— Task item —
Retype only the lines running from the beginning of the entries below to the line with "Trade & Industrial", both included. Do not include pictures.

— Recorded information —
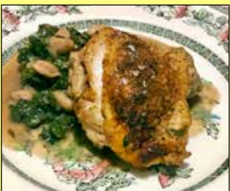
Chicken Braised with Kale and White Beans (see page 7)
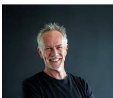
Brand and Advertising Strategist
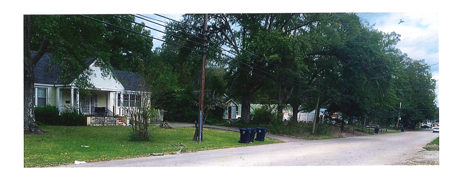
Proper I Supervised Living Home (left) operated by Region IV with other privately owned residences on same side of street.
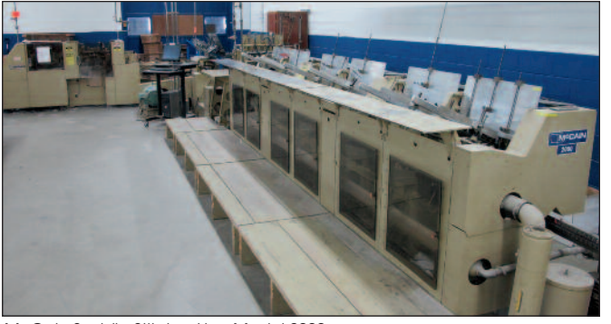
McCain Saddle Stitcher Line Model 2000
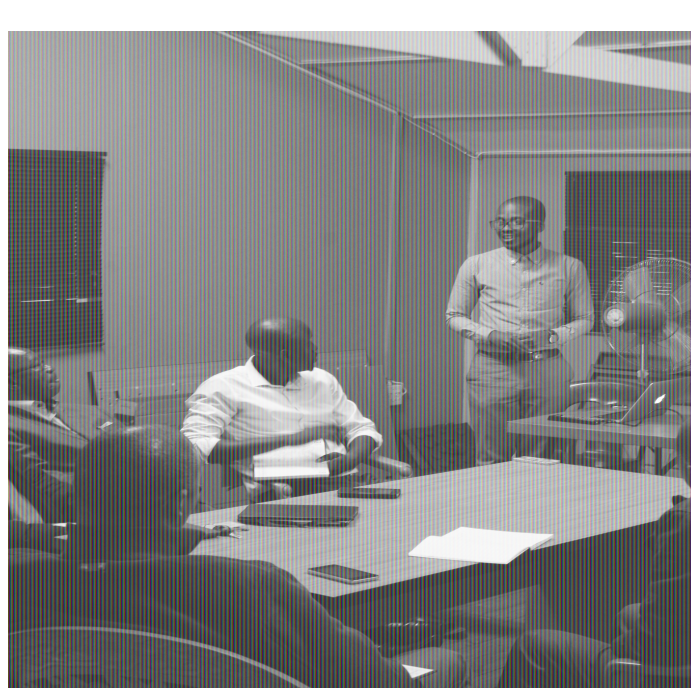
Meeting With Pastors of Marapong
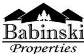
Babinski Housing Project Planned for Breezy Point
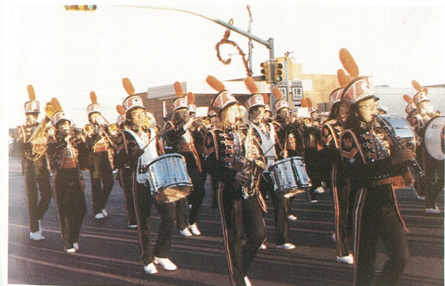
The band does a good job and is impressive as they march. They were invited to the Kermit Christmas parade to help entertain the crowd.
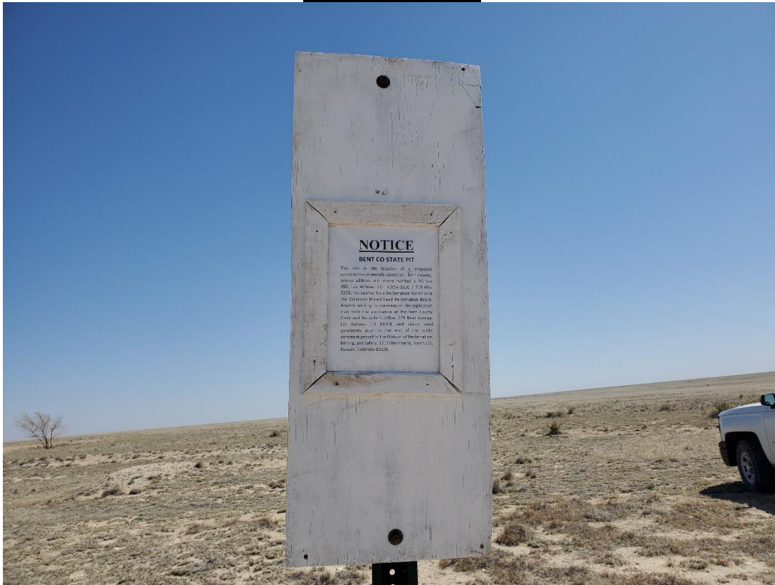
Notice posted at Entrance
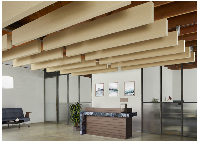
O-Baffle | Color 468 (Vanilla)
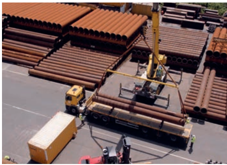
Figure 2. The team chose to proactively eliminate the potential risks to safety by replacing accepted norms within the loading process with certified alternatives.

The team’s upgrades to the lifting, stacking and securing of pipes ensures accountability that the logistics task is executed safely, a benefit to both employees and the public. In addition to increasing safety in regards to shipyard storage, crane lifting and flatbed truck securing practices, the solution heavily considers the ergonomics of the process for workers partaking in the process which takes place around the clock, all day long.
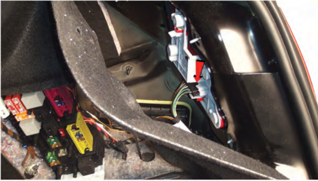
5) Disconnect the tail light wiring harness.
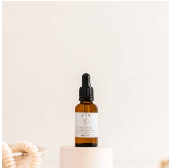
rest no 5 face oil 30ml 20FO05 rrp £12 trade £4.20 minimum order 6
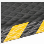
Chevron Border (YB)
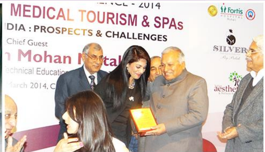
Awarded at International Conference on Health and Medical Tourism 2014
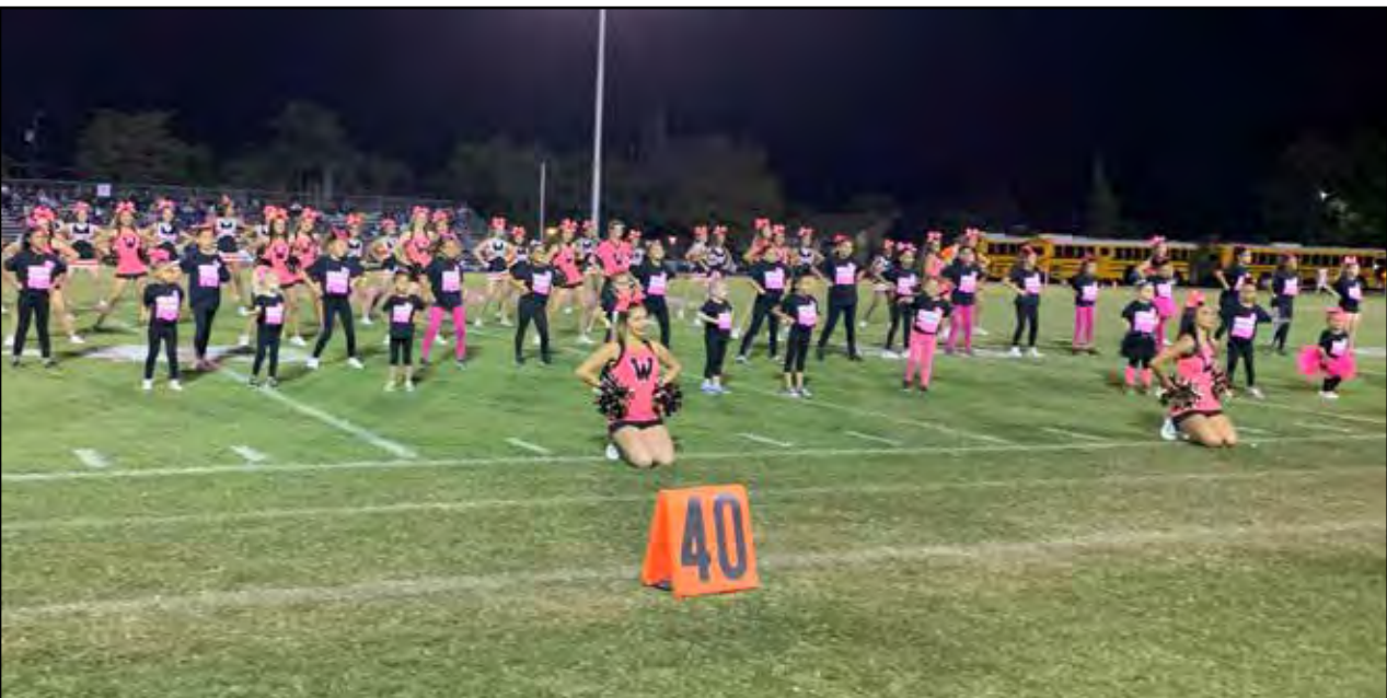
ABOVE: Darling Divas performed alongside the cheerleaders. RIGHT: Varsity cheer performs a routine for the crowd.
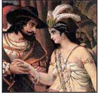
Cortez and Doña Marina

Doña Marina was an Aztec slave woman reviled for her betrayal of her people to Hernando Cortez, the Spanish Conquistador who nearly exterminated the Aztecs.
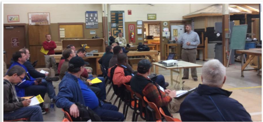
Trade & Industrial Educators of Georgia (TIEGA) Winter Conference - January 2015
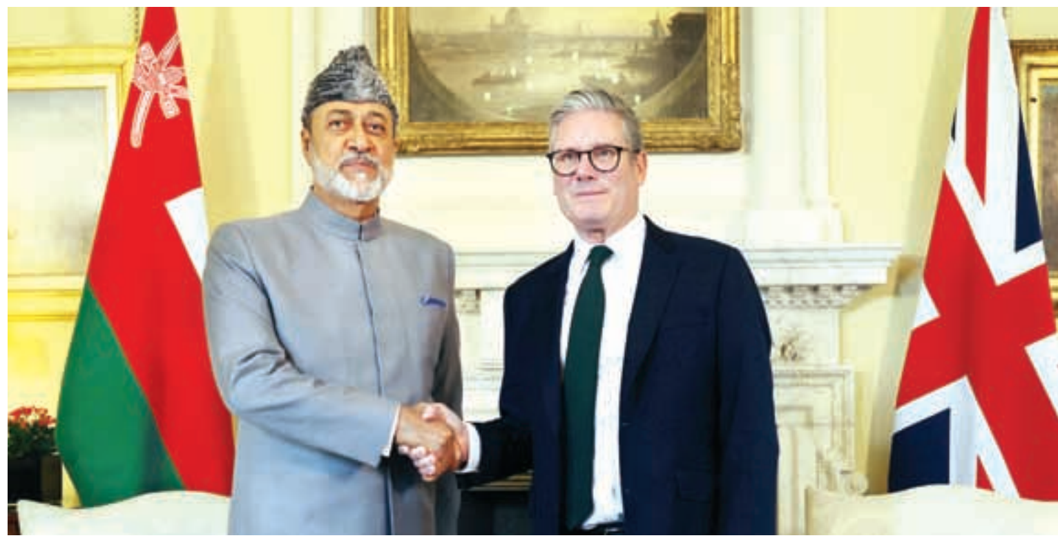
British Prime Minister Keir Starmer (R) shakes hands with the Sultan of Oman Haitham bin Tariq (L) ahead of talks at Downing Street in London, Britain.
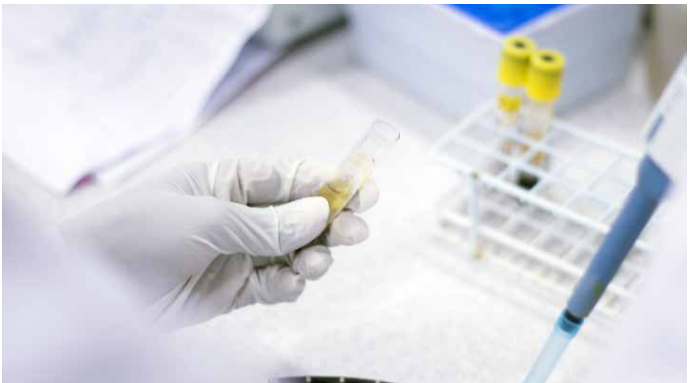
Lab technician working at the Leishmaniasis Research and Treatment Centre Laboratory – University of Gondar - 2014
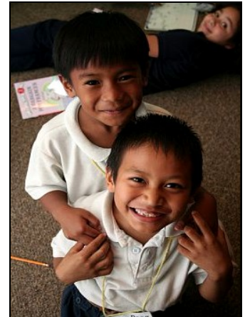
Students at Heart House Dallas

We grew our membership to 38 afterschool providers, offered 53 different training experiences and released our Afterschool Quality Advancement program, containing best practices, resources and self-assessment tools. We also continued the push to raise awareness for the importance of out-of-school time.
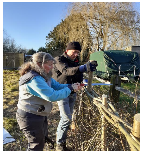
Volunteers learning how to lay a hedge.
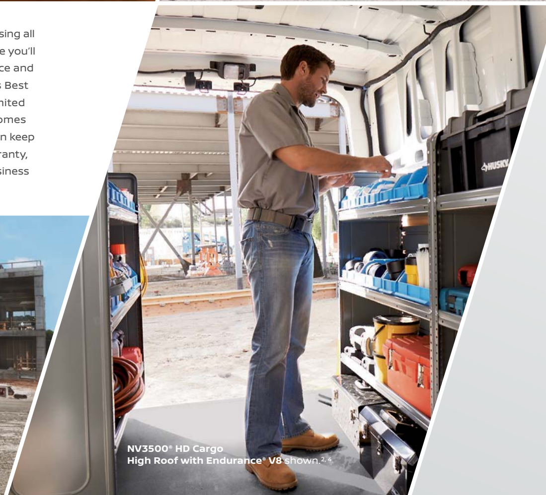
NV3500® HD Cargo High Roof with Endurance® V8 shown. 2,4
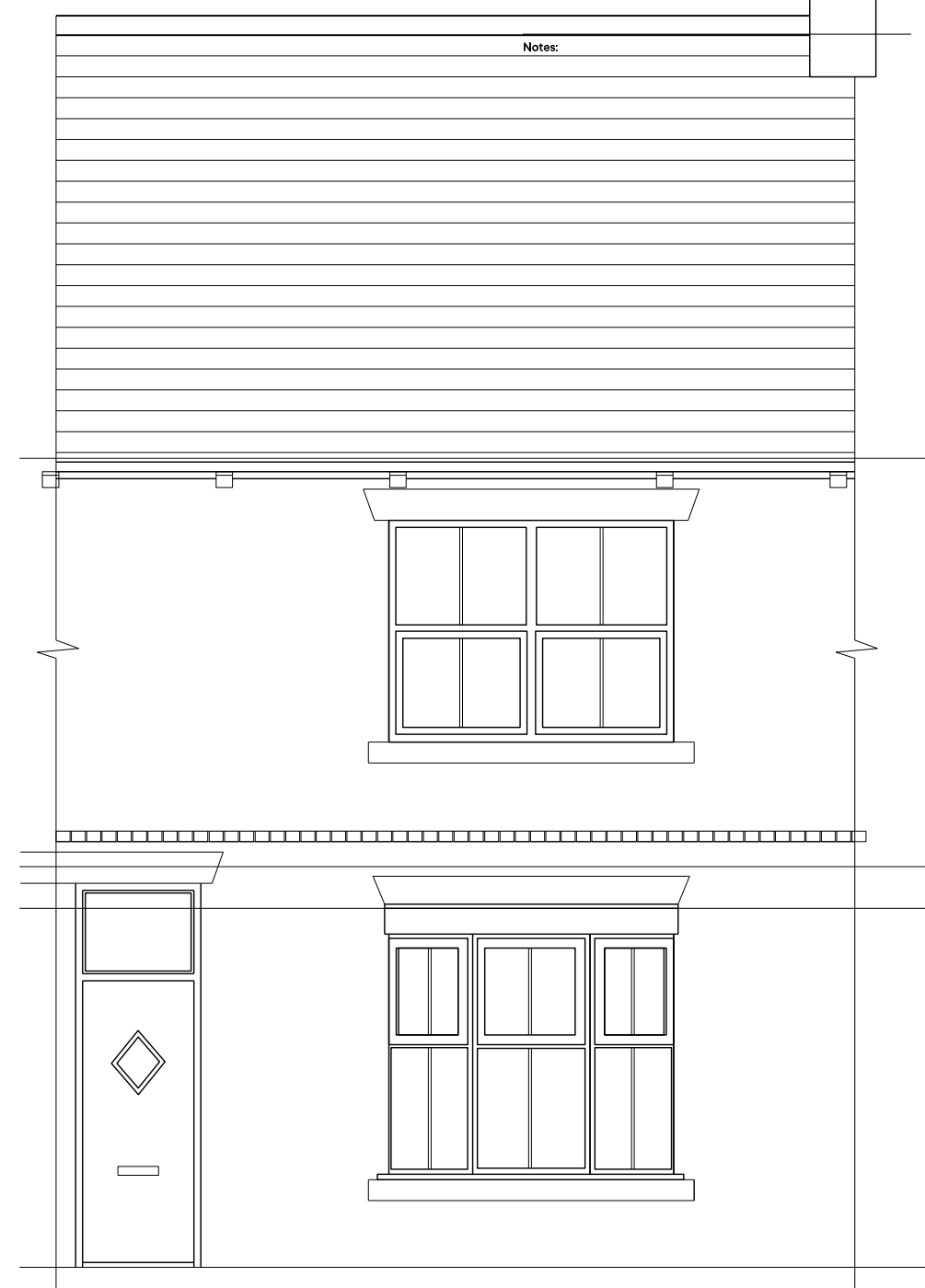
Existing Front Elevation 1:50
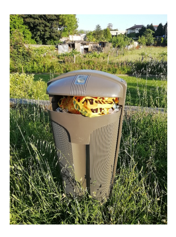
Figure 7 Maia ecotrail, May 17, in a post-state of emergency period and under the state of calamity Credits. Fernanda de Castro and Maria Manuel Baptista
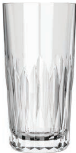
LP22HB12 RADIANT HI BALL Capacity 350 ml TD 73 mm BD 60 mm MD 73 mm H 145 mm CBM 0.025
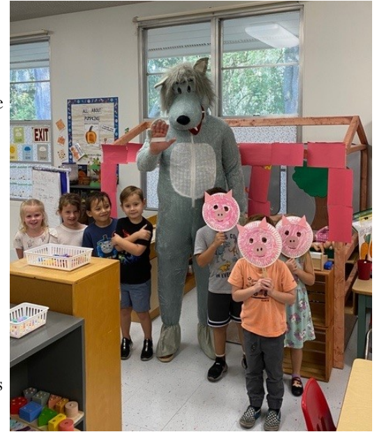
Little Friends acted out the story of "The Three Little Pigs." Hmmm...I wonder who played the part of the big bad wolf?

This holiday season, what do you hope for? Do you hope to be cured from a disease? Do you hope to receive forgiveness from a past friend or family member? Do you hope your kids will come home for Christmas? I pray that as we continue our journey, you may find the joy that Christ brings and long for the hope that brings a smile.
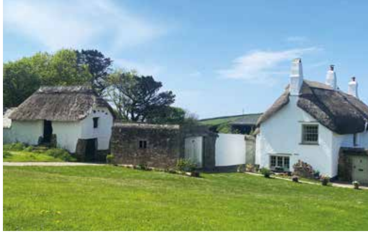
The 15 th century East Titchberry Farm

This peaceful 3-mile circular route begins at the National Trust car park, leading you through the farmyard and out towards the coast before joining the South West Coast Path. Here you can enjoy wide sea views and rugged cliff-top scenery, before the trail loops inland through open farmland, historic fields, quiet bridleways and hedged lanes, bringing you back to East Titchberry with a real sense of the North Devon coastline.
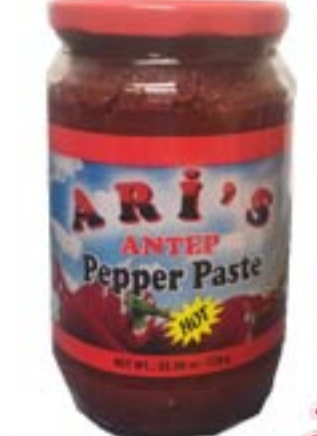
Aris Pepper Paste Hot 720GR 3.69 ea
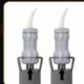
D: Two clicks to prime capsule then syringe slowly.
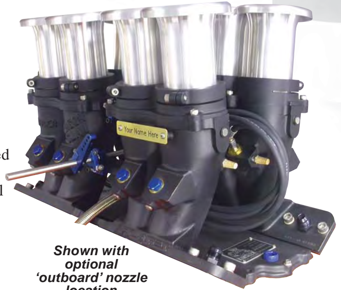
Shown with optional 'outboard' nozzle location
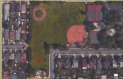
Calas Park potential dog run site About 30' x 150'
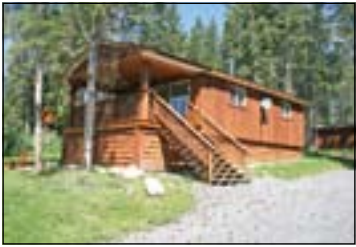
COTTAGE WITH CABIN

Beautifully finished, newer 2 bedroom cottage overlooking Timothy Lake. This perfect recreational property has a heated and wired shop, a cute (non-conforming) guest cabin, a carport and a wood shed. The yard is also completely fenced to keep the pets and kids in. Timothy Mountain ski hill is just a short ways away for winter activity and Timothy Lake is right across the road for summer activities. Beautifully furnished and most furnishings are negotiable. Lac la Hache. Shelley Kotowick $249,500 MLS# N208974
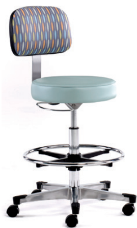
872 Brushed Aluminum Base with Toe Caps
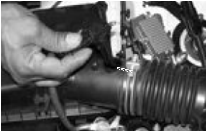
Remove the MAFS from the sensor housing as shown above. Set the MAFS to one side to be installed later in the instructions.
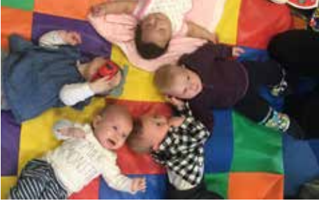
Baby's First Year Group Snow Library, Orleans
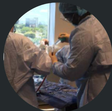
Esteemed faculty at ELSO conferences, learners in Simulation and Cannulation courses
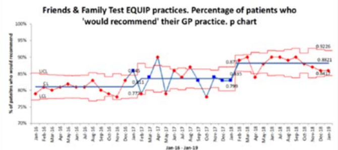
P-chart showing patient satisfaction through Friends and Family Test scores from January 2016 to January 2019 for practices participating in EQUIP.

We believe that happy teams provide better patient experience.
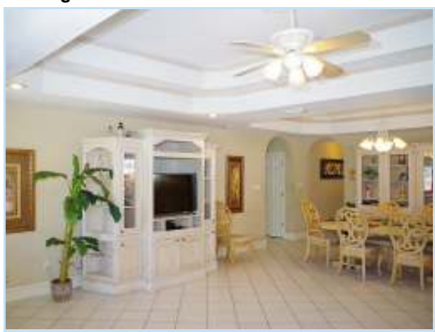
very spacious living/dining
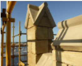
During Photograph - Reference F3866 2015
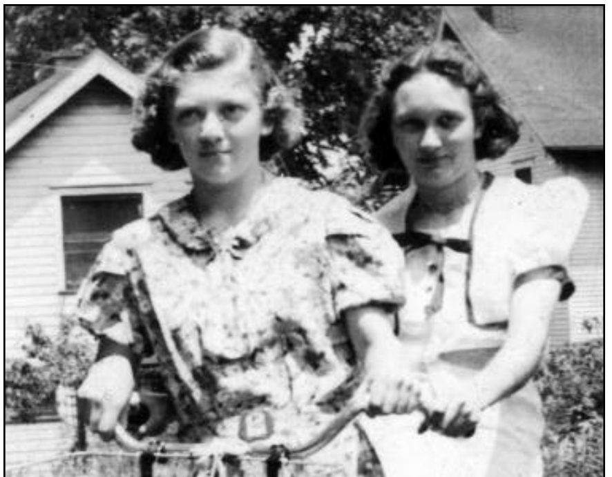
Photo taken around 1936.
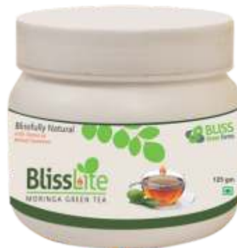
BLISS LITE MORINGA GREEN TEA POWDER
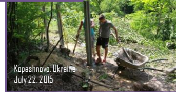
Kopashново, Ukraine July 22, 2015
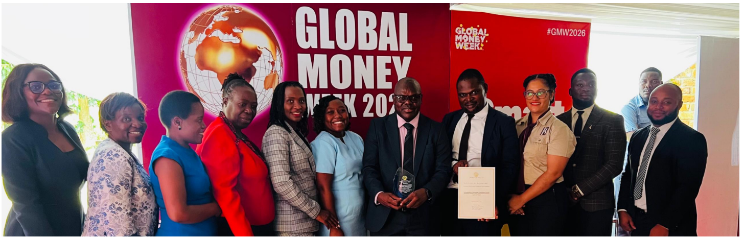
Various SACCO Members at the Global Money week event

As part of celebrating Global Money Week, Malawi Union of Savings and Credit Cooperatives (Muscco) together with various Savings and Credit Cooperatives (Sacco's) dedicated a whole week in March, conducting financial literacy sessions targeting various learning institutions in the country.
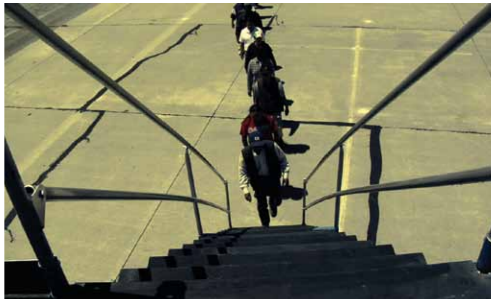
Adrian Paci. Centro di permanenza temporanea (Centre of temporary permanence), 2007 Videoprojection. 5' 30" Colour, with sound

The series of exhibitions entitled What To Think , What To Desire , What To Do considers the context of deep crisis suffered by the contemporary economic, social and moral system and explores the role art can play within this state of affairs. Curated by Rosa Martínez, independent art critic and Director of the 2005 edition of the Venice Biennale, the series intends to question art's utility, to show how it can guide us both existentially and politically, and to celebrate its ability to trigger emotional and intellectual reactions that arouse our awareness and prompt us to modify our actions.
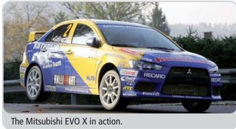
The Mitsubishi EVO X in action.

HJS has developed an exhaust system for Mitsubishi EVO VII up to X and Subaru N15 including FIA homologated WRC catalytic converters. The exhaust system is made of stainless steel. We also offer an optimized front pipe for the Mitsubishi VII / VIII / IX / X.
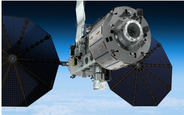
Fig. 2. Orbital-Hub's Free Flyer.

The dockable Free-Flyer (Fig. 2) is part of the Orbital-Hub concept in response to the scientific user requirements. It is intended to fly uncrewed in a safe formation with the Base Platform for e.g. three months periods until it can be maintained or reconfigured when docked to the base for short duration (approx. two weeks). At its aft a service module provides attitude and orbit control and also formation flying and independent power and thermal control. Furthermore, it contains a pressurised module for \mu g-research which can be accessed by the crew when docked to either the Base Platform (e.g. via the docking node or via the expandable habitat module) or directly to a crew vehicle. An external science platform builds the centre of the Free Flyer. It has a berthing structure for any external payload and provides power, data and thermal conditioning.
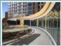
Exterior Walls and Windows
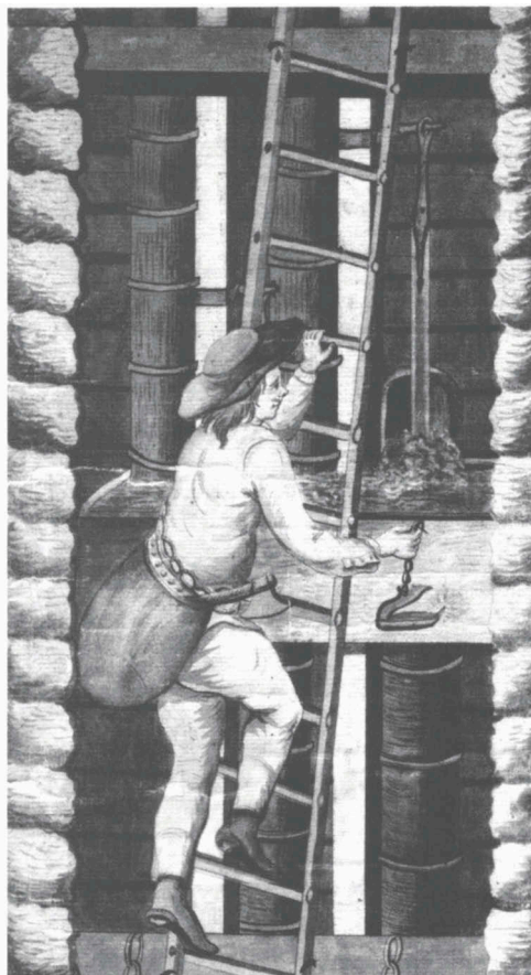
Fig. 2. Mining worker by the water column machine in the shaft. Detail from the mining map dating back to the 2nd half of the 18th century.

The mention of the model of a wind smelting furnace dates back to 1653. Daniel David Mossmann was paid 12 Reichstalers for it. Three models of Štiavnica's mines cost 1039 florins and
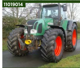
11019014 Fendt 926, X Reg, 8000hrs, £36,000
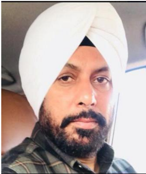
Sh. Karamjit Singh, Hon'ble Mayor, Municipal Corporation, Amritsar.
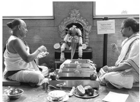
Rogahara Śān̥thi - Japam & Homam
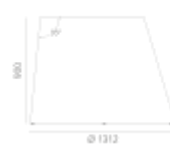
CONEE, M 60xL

— Problem solution —
Chicken Braised with Kale and White Beans (see page 7)
Brand and Advertising Strategist
Proper I Supervised Living Home (left) operated by Region IV with other privately owned residences on same side of street.
McCain Saddle Stitcher Line Model 2000
Meeting With Pastors of Marapong
Babinski Housing Project Planned for Breezy Point
The band does a good job and is impressive as they march. They were invited to the Kermit Christmas parade to help entertain the crowd.
Notice posted at Entrance
O-Baffle | Color 468 (Vanilla)
Figure 2. The team chose to proactively eliminate the potential risks to safety by replacing accepted norms within the loading process with certified alternatives.

The team’s upgrades to the lifting, stacking and securing of pipes ensures accountability that the logistics task is executed safely, a benefit to both employees and the public. In addition to increasing safety in regards to shipyard storage, crane lifting and flatbed truck securing practices, the solution heavily considers the ergonomics of the process for workers partaking in the process which takes place around the clock, all day long.
5) Disconnect the tail light wiring harness.
rest no 5 face oil 30ml 20FO05 rrp £12 trade £4.20 minimum order 6
Chevron Border (YB)
Awarded at International Conference on Health and Medical Tourism 2014
ABOVE: Darling Divas performed alongside the cheerleaders. RIGHT: Varsity cheer performs a routine for the crowd.
Cortez and Doña Marina

Doña Marina was an Aztec slave woman reviled for her betrayal of her people to Hernando Cortez, the Spanish Conquistador who nearly exterminated the Aztecs.
Trade & Industrial Educators of Georgia (TIEGA) Winter Conference - January 2015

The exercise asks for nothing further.